The capabilities marked bold are post-public-review hardening deliverables — see the commit history for sprint-by-sprint disclosure of what was added, what was pivoted, and why.

Honest scope: what is deliberately deferred

Every shipping decision below was a documented pivot, not a missing feature. Each one has a RealEnvAdapter-style seam ready for landing when the infrastructure pre-requisites are in place.

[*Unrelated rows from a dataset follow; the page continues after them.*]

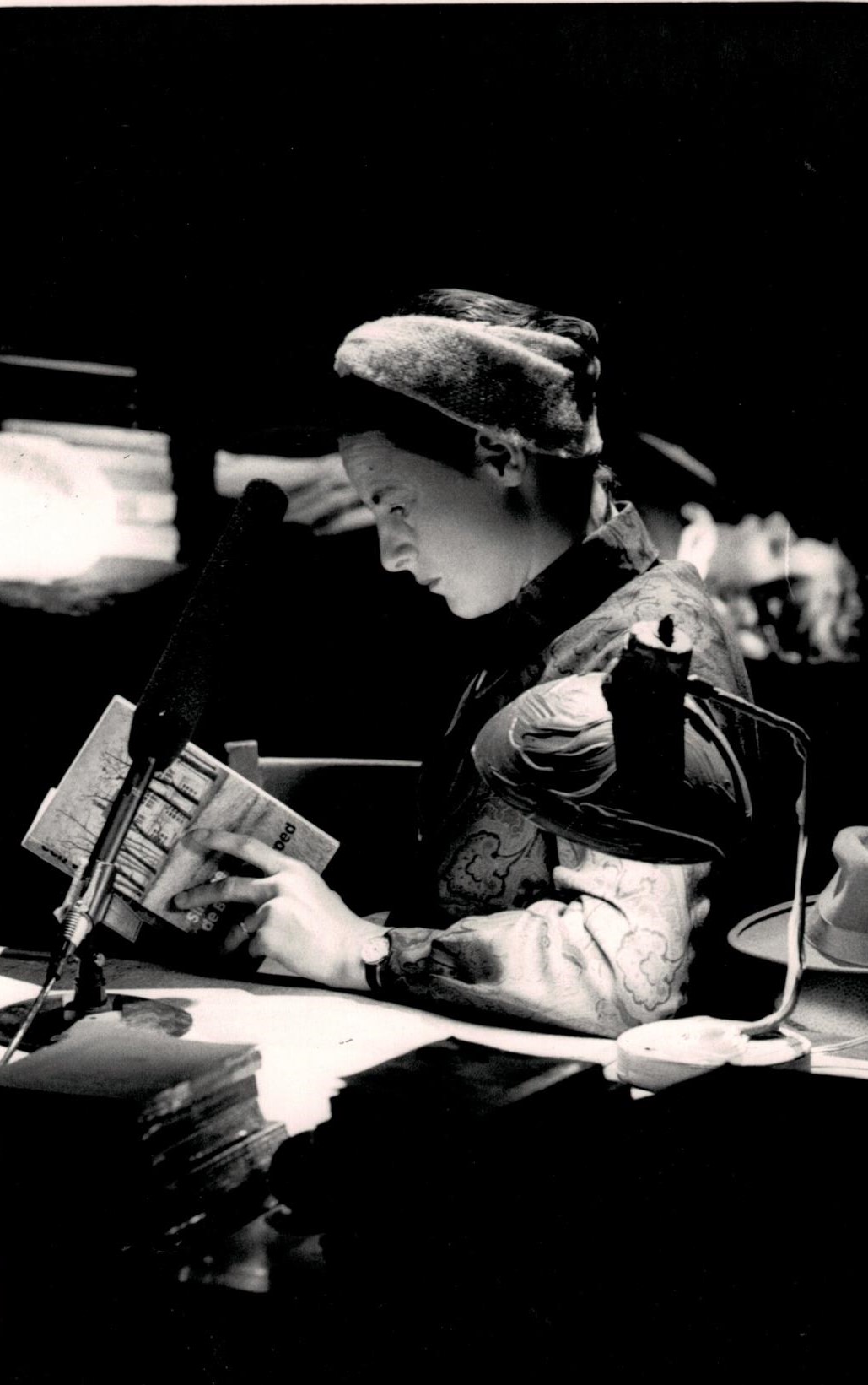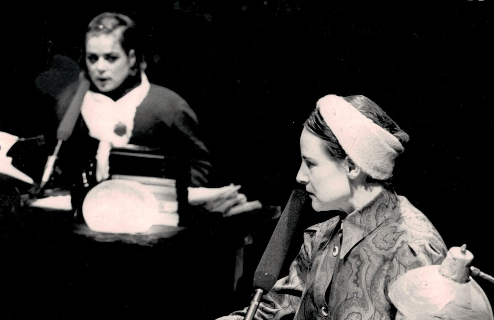 De drie actrices zaten elk aan een eigen tafel met daarop een microfoon, boeken, typemachine of bandrecorder, en andere spullen. Scenograaf Hans Klasema benadrukt dat het hier, meer dan in Om Eleanor, ging om de gewone dingen; vanuit realisme en niet vanuit een design. De actrices stuitten in hun zoektocht naar de vrouwen die ze speelden op voorwerpen die hen daarbij hielpen. Die voorwerpen werden het voornaamste element in het decor. Tussen de tafels door drapeerde Hans een vijftig meter lange dikke scheepskabel, als verbinding tussen de drie auteurs.
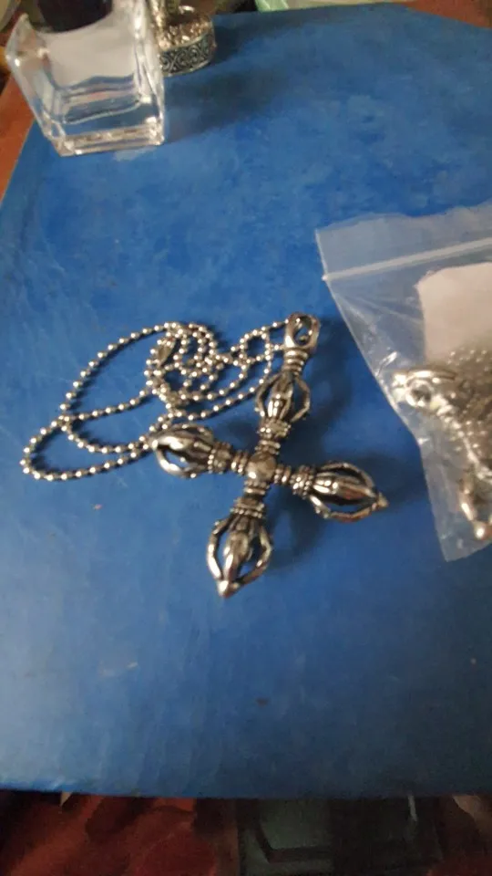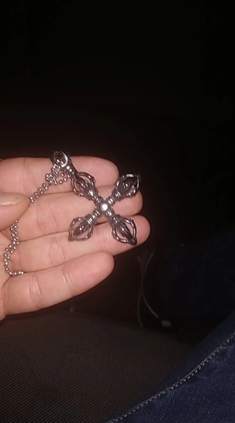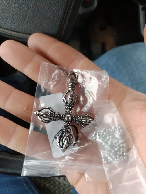 Phenovo Charm Stainless Steel Hollow Cross Vajra Pestle Pendant Talisman Necklace Prayer Amulet Pendant Necklace Fashion Jewelry
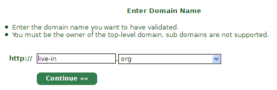 輸入要申請的域名,點(diǎn)擊Continue。

Item	What ships today	What needs infrastructure
Real ALFWorld / WebShop benchmarks	Synthetic traces emulating the epistemic shape — multi-step goals, paraphrases, filter-driven contradictions. Numbers reproducible bit-for-bit.	Python env + AI2-THOR install + Flask sim. Trait `RealEnvAdapter` is the seam (code).
ZK proofs over the audit ledger	BLAKE3 Merkle commitment + Ed25519 signature → tamper-evidence + non-repudiation + offline verification. `EvidenceReceipt` wire format is stable.	RISC-V toolchain (`cargo-risczero` + `riscv32im-risc0-zkvm-elf`). Skeleton at `zk_skeleton.rs`; feature `risc0`.
Native Python `await` bridge	Sync Python SDK fully wired, including `LlmClient` injection via `MockLlmClient`.	`pyo3-asyncio` stable for pyo3 0.22 (TD-P6-001).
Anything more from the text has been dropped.